Beatriz is also creating an educational curriculum for the daycares Books for a Change assists. “Normally we do teach in-person, you know, [to] the daycare facilitators; how to best read to the children, but we really want to release this curriculum and really see the tools that we’ve gathered for them worldwide. We’re in the process of making a video with all these steps to teach all women in Brazil, and all men, who work at these daycares how to collectively read to the children, facilitate reading and suggest activities that they can do with some of the books that we’ve given them.”

“We’ve actually been working on donating the books in large containers versus bookshelves,” Beatriz said. “Doing a little combination of both, but what the large boxes have been allowing us to do–we tested it out–our last donation was one with the box, it was two weeks ago, I think. It really is going to allow us to donate more books to more places in Brazil. A lot of daycares in Brazil aren’t really accessible by person, because they’re in really dangerous areas, they’re extremely crime-filled, and so it’s much easier to donate if we were to ship the boxes.”

Ethan started a blog called The Journey Through Autism, which provides insights into his personal dealings with high-functioning autism–the blog has a readership of over 40,000.

Ethan was inspired by the ‘creator versus victim theory.’ He first learned of this theory “in eighth grade, during my pre-confirmation class at my synagogue. My youth director said that when there is a situation that you cannot control and can be seen as negative, you have two options: to feel like a victim or to become a creator and create the life that you want to live. I chose to become a creator!” Thus, his blog was born.

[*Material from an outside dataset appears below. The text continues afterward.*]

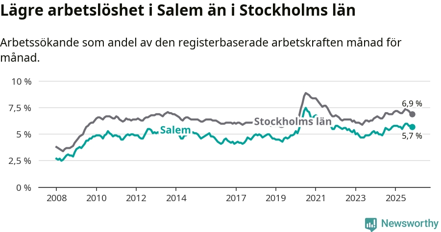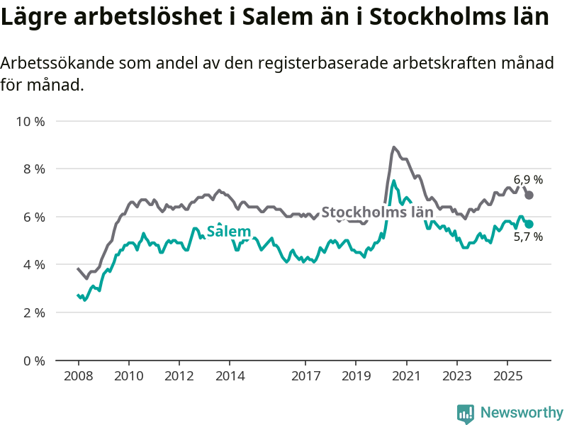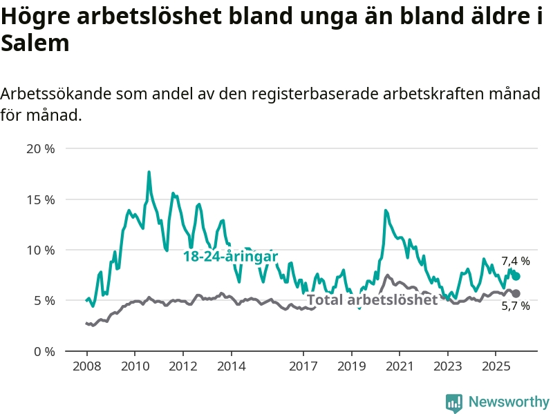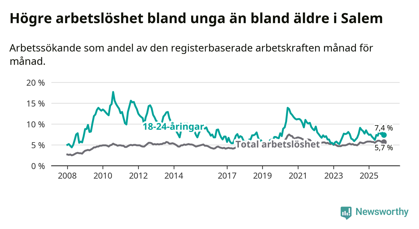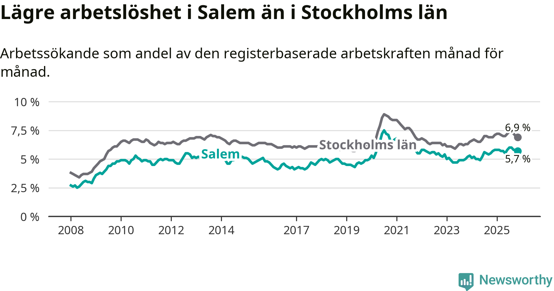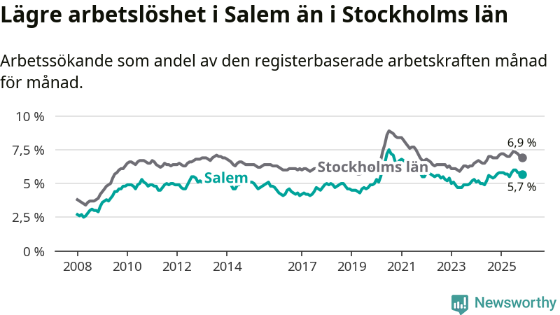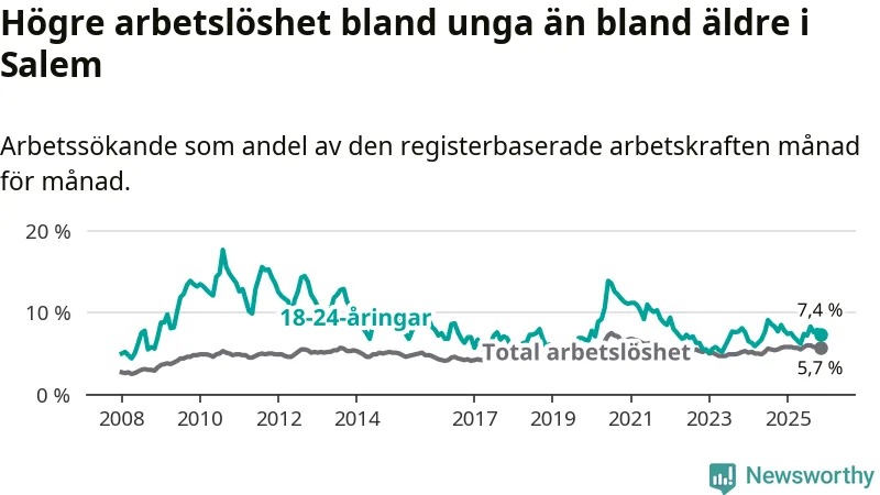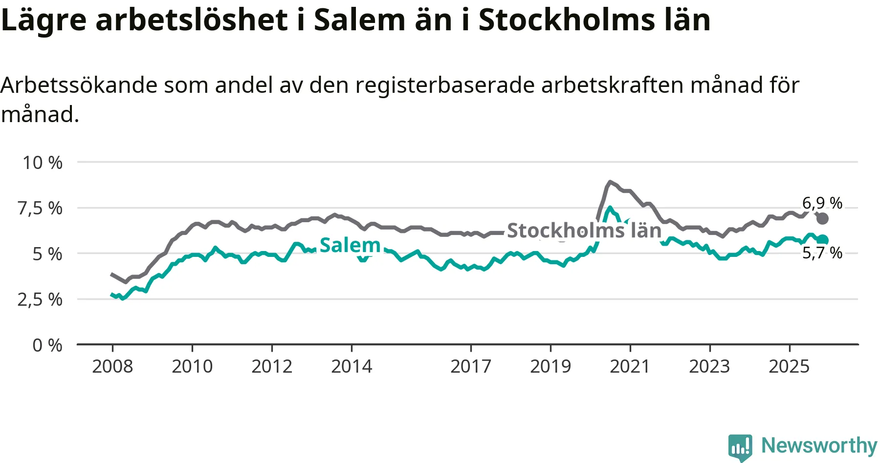 Medan Salem har lägre total arbetslöshet än Stockholms län, ligger ungdomsarbetslösheten 0,4 procentenheter högre i Salem.
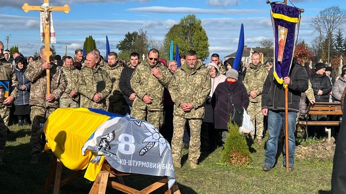 У місті Підгайці на Тернопільщині попрощалися із загиблим захисником Степаном Печінкою. Він загинув 14 жовтня внаслідок удару російського дрона-камікадзе.

“For me,” Ethan said, “I love to blog because writing calms me down when I’m upset and allows me to express myself in ways I would not have been able to. I also like to write because it’s fun!”

He also goes on speaking tours to educate about autism, decrease bullying in schools, and to educate professionals and teachers how to accommodate clients/pupils with autism. “When touring, one main piece of advice I give to children is to become the creator in their own situation. Whether it’s on the playground or in a household, they can create their own path.”

To celebrate the teens’ achievements, an awards ceremony and luncheon was held on Aug. 19 at a Four Seasons Hotel in San Francisco, where John, Beatriz and Ethan met the twelve other award-winners from around the country.